For the side chain dihedrals (χ₁ and χ₂), we checked that the most frequent conformations are categorized in three on-rotamer groups: gauche(+), trans and gauche(−), centered in 300, 180° and 60° respectively.⁴⁶ In general, for both χ₁ and χ₂ most of the side chain conformations were classified as gauche(+), which is in fact the most abundant conformation in the PDB, with the gamma side chain pointing in an opposite direction to the main chain nitrogen (see Fig. S4, ESI†).⁴⁷

3.2 Side chain dihedral prediction

After calculating the distributions from the converged trajectories, we compared the predicted χ₁ and χ₂ dihedrals of each mutation protocol to the distribution from the MD simulations (see Methods for details). We first evaluated the prediction of χ₁ dihedral for all the 11 amino acids. The results for serine and valine are presented in Fig. 3. We also report for each amino acid the percentage of success in predicting the dihedral with a conformation located in a histogram bin with a population larger than 5% of the most populated rotamer bin (Table 1). If only χ₁ is considered, Rosetta fixbb and FoldX are the methods with highest success rates.


	Fig. 3 1D histogram of χ₁ dihedral for two amino acids serine (A) and valine (B) mutated over the tripeptide in complex with the OppA protein. The black regions represent the χ₁ dihedrals most frequently explored during the MD simulation of the complex containing the amino acid of interest. Each mutation protocol prediction is represented by a circle, with 10 circles per protocol given the combinatorial approach proposed for the OppA system (Methods). The main side-chain groups are split by dashed blue lines in the three main on-rotamer regions: gauche(+), trans and gauche(−), centered in 300°, 180° and 60° respectively.

Table 1 Percentage of successful χ₁ dihedral prediction per mutation protocol and amino acid using a 5% bin threshold for the OppA–tripeptide complex (see Methods for details). The last line indicates the average over the different amino acids

AA	Modeller	Scwrl4	TLEaP	Rosetta	Foldx
ARG	90	90	0	100	70
ASN	60	0	100	80	80
ASP	20	0	0	30	100
GLN	80	80	0	100	80
HIS	100	100	0	100	100
ILE	100	100	100	100	100
MET	90	100	0	90	80
PHE	70	100	0	100	80
PRO	100	100	100	100	100
SER	10	100	100	100	80
VAL	100	100	0	100	100

Average	74.5	79.1	36.4	90.9	88.2

To better assess the side chain dihedral prediction, we performed a similar analysis taking into account both the χ₁ and χ₂ dihedrals.

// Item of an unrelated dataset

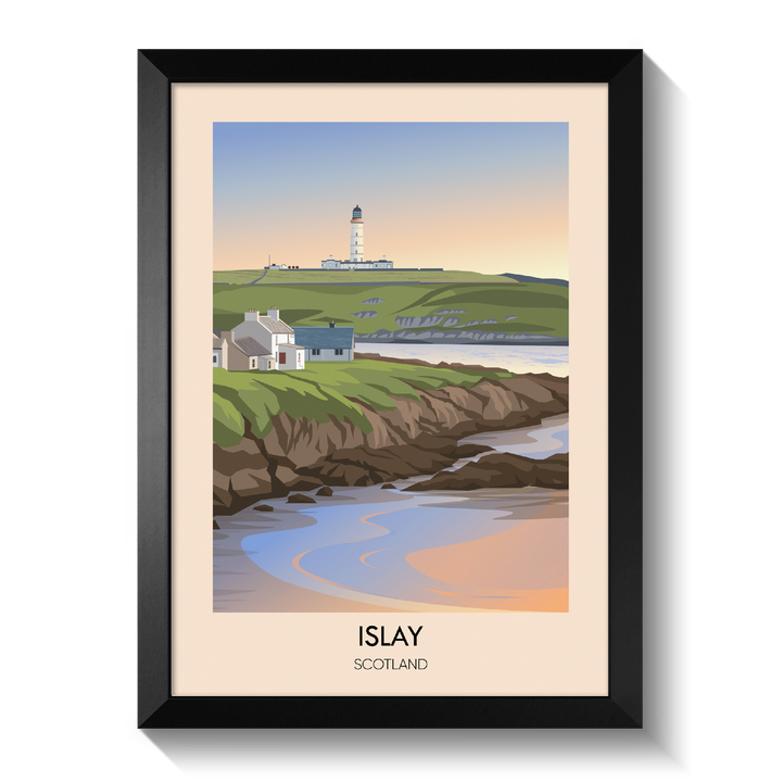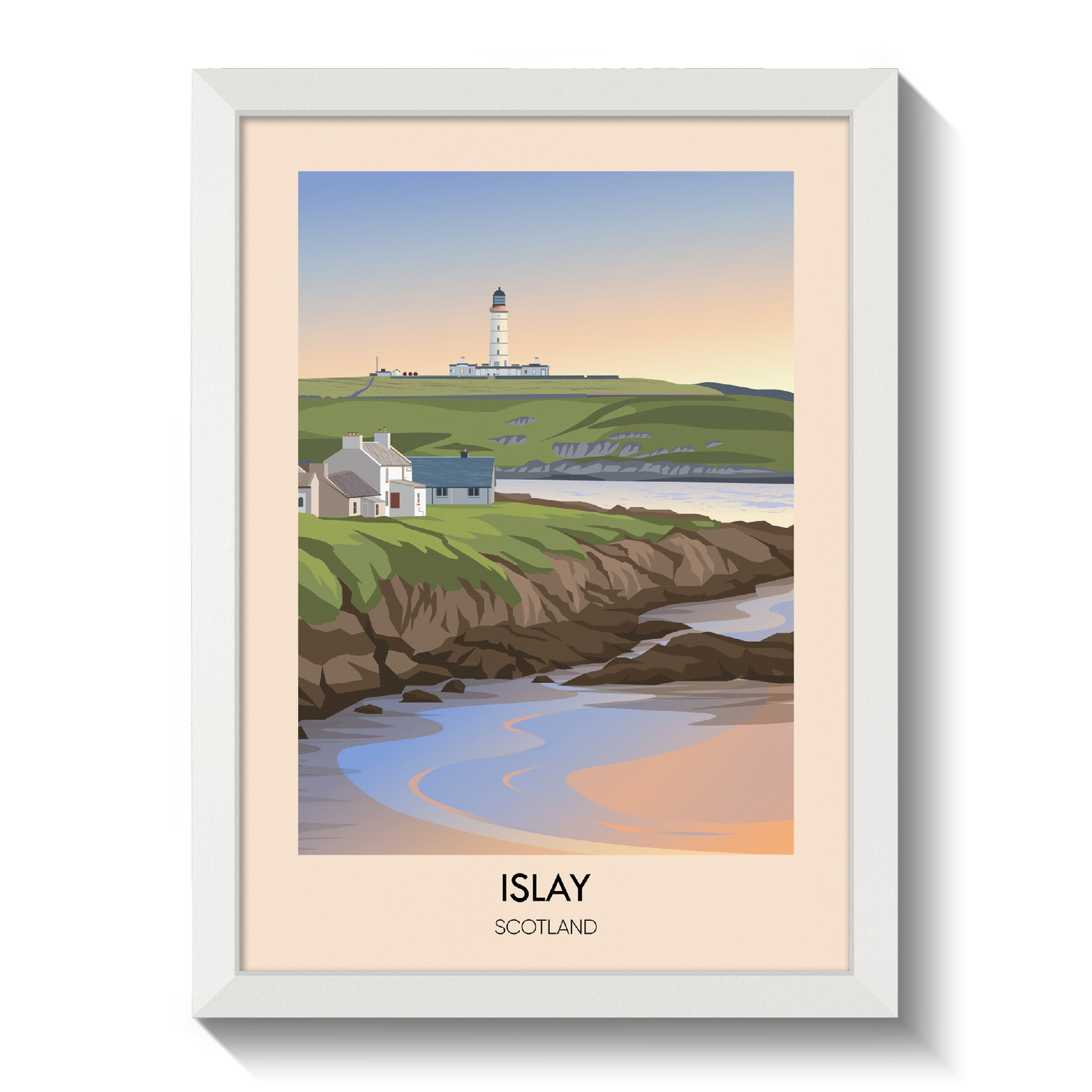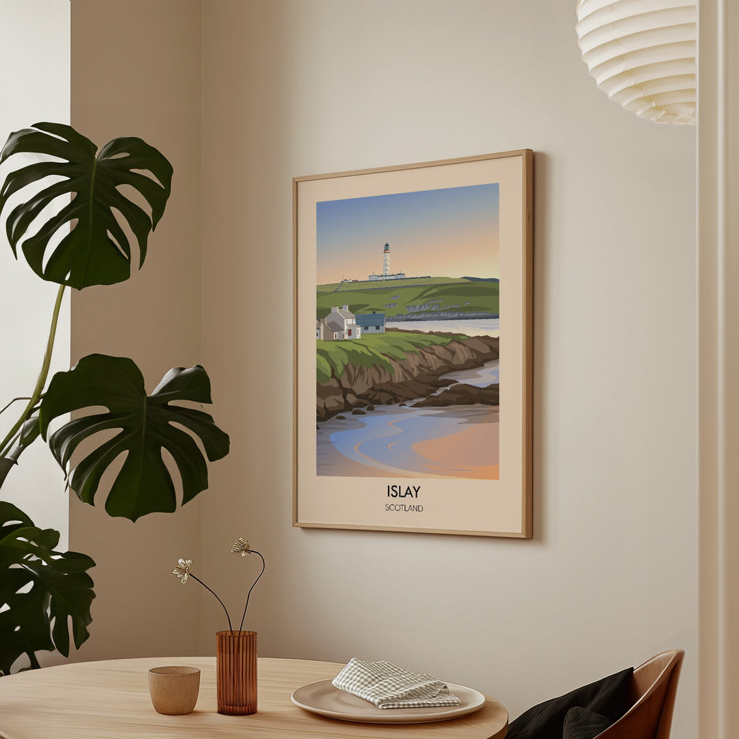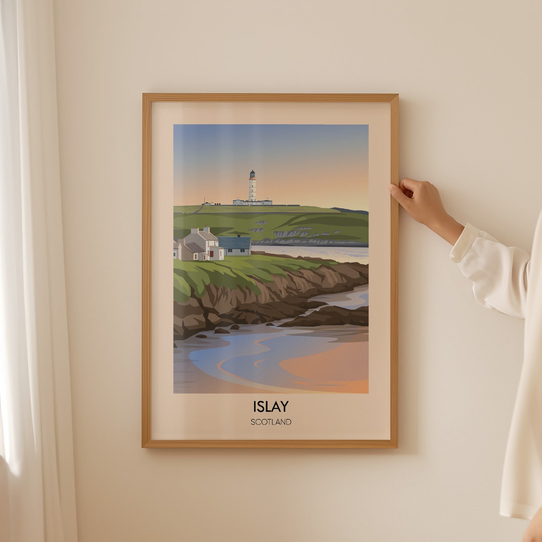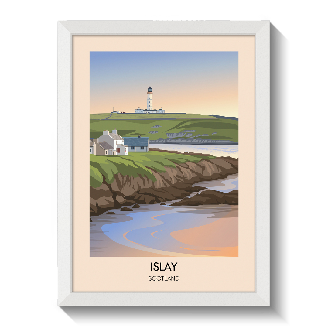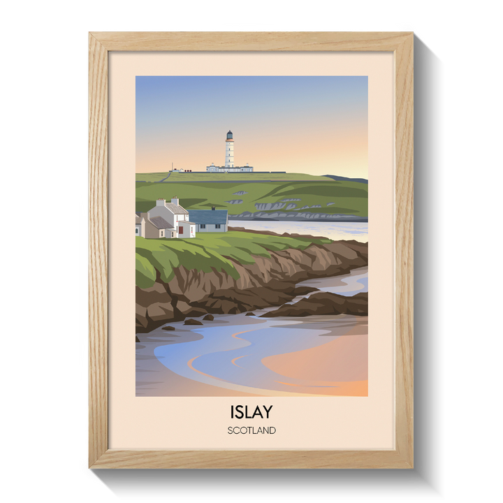 An original travel poster featuring Scotland's Islay. Islay is an island located on the west coast of Scotland and is the Southernmost in the Inner Hebrides. It is the fifth largest Scottish island and is best known for its distilleries, producing peaty, smoky whisky. In the poster you can see the picturesque Rhinns Of Islay Lighthouse.

In Fig. 4, we show the results for the mutated amino acids isoleucine (I), arginine (R) and asparagine (N) (see Fig. S5 and S6 for other amino acids, ESI†). In Table 2, we report the percentage of mutations that succeeded, for each protocol, in predicting both the χ₁ and χ₂ dihedrals using a 5% bin-threshold (see Methods). A similar table using a 30% bin-threshold was calculated (Table S1, ESI†), which despite being stricter over the conformational space shows the same tendencies as reported in Table 2. The results show that SCWRL4, Rosetta fixbb and FoldX (see Methods) are the most successful protocols for predicting both the χ₁ and χ₂ dihedral angles. However, the success rate decreases for all protocols in comparison to the results for only χ₁. The good performance of SCWRL4 and Rosetta fixbb can be related to the fact that both use backbone-dependent rotamer libraries as the basis for rotamer selection.


	Fig. 4 2D histogram of χ₁vs. χ₂ for three mutated amino acids: isoleucine (A), arginine (B) and asparagine (C) on the tripeptide of the OppA complex. The black zones represent the dihedrals most frequently explored during the MD simulation of the complex containing the amino acid of interest. Each mutation-protocol prediction is represented by circles, with 10 circles per protocol given the combinatorial approach proposed for the OppA system. The main side-chain conformations are split by dashed blue lines in 9 regions based on the possible χ₁ and χ₂ combinations.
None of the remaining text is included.